Die Marktrechtsverleihung war ursprünglich ein königliches Regal, das im 13. Jahrhundert in die Verfügungsgewalt der Territorialherren gelangte. Im Herzogtum Bayern gab es kein einheitliches Marktrecht, sondern nur Einzelprivilegien. Marktrechte sind von Stadtrechten nur schwer abzugrenzen.

Begriff

Das mittelhochdeutsche "mark(e)t" (ahdt. markat/merkat) leitet sich vom lat. "mercatus" (zu mercari: Handel treiben; merx: Ware) in der Bedeutung von "Handel, Jahrmarkt, Messe" ab. Unter "Markt" ist ursprünglich eine regelmäßige Verkaufsveranstaltung an einem bestimmten Ort und auf einem Platz zu verstehen. Dieser Platz wurde als "Marktplatz" (mercatum, forum) bezeichnet, der in einer Stadt (civitas), in einer Marktsiedlung (forum, villa fori), seltener auch in einem Dorf (de foro in villa) zu finden war.

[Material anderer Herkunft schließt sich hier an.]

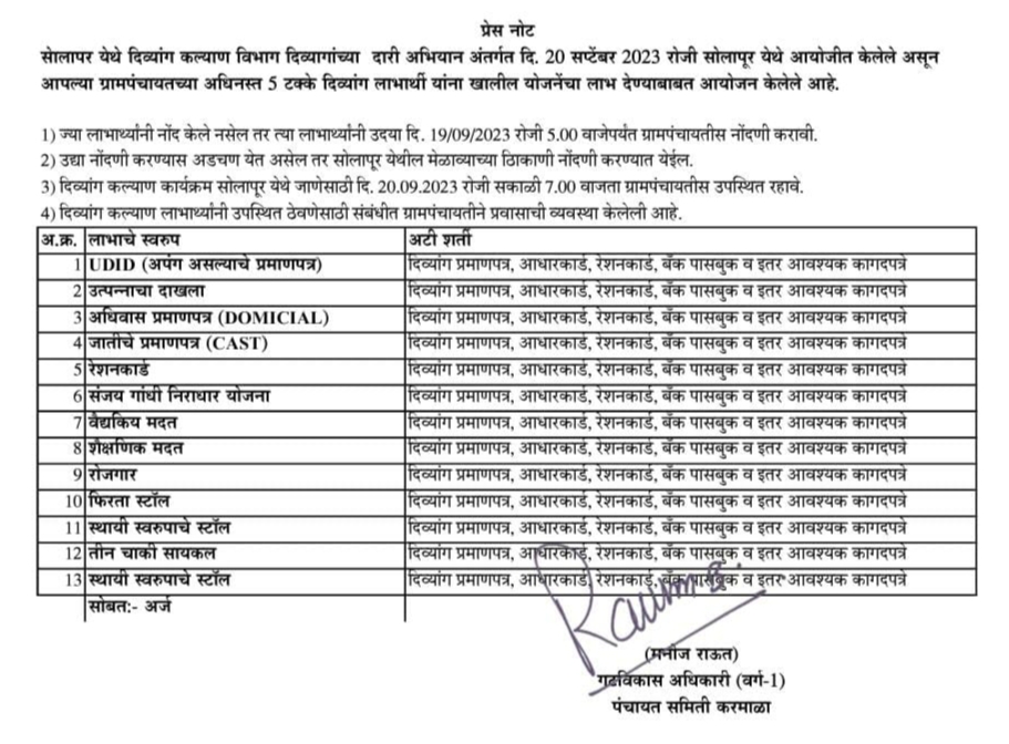 आपल्या ग्रामपंचायतच्या अधिनस्त 5% दिव्यांग लाभार्थी यांना खालील योजनेचा लाभ देण्याबाबत आयोजन केलेले आहे. ज्या लाभार्थ्यांनी नोंद केले नसेल तर त्या लाभार्थ्यांनी उद्या दि. 19/9/2023 रोजी 5 वाजेपर्यंत ग्रामपंचायतीस नोंद करावी. उद्या नोंदणी करण्यास अडचण असेल तर सोलापूर येथील मेळाव्याच्या ठिकाणी नोंदणी करण्यात येईल. दिव्यांग कल्याण कार्यक्रम सोलापूर येथे जाण्यासाठी 20/09/2023 रोजी सकाळी 7 वाजता ग्रामपंचायतीस उपस्थित राहावे. दिव्यांग कल्याण लाभार्थ्यांनी उपस्थित ठेवण्यासाठी संबंधित ग्रामपंचायतीने त्याची व्यवस्था केलेली आहे. अशी माहिती गटविकास अधिकारी मनोज राऊत यांनी दिलेली आहे.

Von der bloßen Verkaufsveranstaltung wie Jahr-, Wochen- und Spezialmarkt zu unterscheiden ist die Marktsiedlung, der Marktort oder Marktflecken als Siedlungstyp zwischen Dorf und Stadt, wie er sich seit dem 13./14. Jahrhundert herausbildete. Aus den gewachsenen Fernhandelsmärkten des Früh- und Hochmittelalters älterer Ordnung entstanden im Spätmittelalter meist Städte.

Marktrechtsverleihung als königliches Regal

Der Wirtschaftsverkehr unterlag schon im Früh- und Hochmittelalter rechtlichen Regelungen, die im Einzelnen nicht überliefert sind. Die Gewährung eines Marktprivilegs gehörte seit der Karolingerzeit zu den Regalien des Königs.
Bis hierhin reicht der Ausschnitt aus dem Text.